Primary studies investigating factors that predict formation of DLMs prior to chemotherapy suggest that smaller size and larger number of liver lesions potentially increase the reporting of DLMs.19, 22, 23 Others investigated the normalization of carcinoembryonic antigen (CEA) values, the type of chemotherapy, and the number of chemotherapy cycles as risk factors of DLMs; however, the data were either limited or inconsistent across the studies.17, 22, 25 This diverse range of values rendered it difficult to arrive at any conclusions that are clinically informative and meaningful to clinicians and patients. We suggest dedicated future studies to examine risk factors and predictors of DLM using rigorous methodology and reporting guidelines.
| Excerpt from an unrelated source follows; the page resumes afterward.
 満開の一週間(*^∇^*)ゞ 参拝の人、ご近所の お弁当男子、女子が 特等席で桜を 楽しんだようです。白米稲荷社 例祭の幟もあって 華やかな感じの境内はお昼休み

The main reluctance to perform MRI scans with gadoxetate disodium is due to cost and accessibility;28 however, since MRI appears to be the superior modality in imaging of CRLM compared with alternative modalities, it results in less additional imaging, diagnostic work-up costs, and repeat hepatectomy.28, 29 This, combined with our findings, could be the grounds to consider system level and practice changes to proceed with scanning all patients undergoing workup, restaging, and surveillance using MRI with gadoxetate disodium.
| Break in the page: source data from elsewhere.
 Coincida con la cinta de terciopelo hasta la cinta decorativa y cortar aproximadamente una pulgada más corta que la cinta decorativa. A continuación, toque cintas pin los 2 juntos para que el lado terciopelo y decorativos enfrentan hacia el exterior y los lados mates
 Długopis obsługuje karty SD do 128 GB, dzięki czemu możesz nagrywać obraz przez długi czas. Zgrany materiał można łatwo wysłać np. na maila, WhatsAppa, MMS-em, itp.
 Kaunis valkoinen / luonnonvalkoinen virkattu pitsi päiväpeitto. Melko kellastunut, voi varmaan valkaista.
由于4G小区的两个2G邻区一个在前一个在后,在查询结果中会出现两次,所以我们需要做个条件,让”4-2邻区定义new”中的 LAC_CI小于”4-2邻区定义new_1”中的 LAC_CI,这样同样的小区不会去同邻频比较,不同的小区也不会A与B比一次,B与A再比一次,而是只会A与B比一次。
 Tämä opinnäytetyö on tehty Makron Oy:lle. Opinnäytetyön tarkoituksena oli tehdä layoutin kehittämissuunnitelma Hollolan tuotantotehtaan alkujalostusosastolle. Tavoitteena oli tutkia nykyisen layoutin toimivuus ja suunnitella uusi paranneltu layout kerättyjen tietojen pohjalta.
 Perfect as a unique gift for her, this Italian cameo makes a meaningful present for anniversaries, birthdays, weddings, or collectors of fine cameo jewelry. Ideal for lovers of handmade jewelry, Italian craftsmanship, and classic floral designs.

According to the QUADAS-2 tool, risk of bias was unclear for the reference standard and index test, as blinding details were not provided. This limitation could have affected the diagnostic performance of imaging by overestimating the NPV. Therefore, emphasis should be placed on methodological design in future studies assessing the accuracy of diagnostic imaging tests.

The limitations of this meta-analysis are mostly related to the available information from the primary studies and the limited number of publications in this field. Only 13 articles were included in this systematic review and meta-analysis because the majority of other studies assessing diagnostic accuracy of imaging did not separate between imaging modalities used or did not report the incidence of DLM. Of the included primary studies, few provided the true-positive and false-positive values and therefore it was not possible to compare the effect estimate of the diagnostic odds ratio or likelihood ratio, which are less affected by disease prevalence. Because of the paucity of studies reporting data on the patient level and long-term outcomes, it was not possible to calculate endpoints at the patient level. Additionally, other studies demonstrated that different chemotherapy modalities, in particular HAI chemotherapy, are more likely to result in DLM.25, 30 We were unable to reliably perform a subgroup analysis of HAI and systemic chemotherapy due to the heterogeneity of chemotherapy modalities used and the lack of granular data of DLM using each treatment. Lastly, there were slight variations in the imaging protocols between studies. It would be helpful for future studies to include more detailed documentation of the imaging system, patient-level outcomes, intent of treatment, and DLM based on chemotherapy modality.

Conclusion

The results of this meta-analysis suggest that MRI with gadoxetate disodium is the most appropriate imaging modality for the detection of DLM after chemotherapy. Patients with DLM using other preoperative imaging modalities should undergo re-imaging with MRI prior to contemplating resection of the remaining CRLM. Consideration should be given to proceeding with the resection of visible CRLM, even if DLMs (on MRI) are left in situ, due to the high NPV of this modality.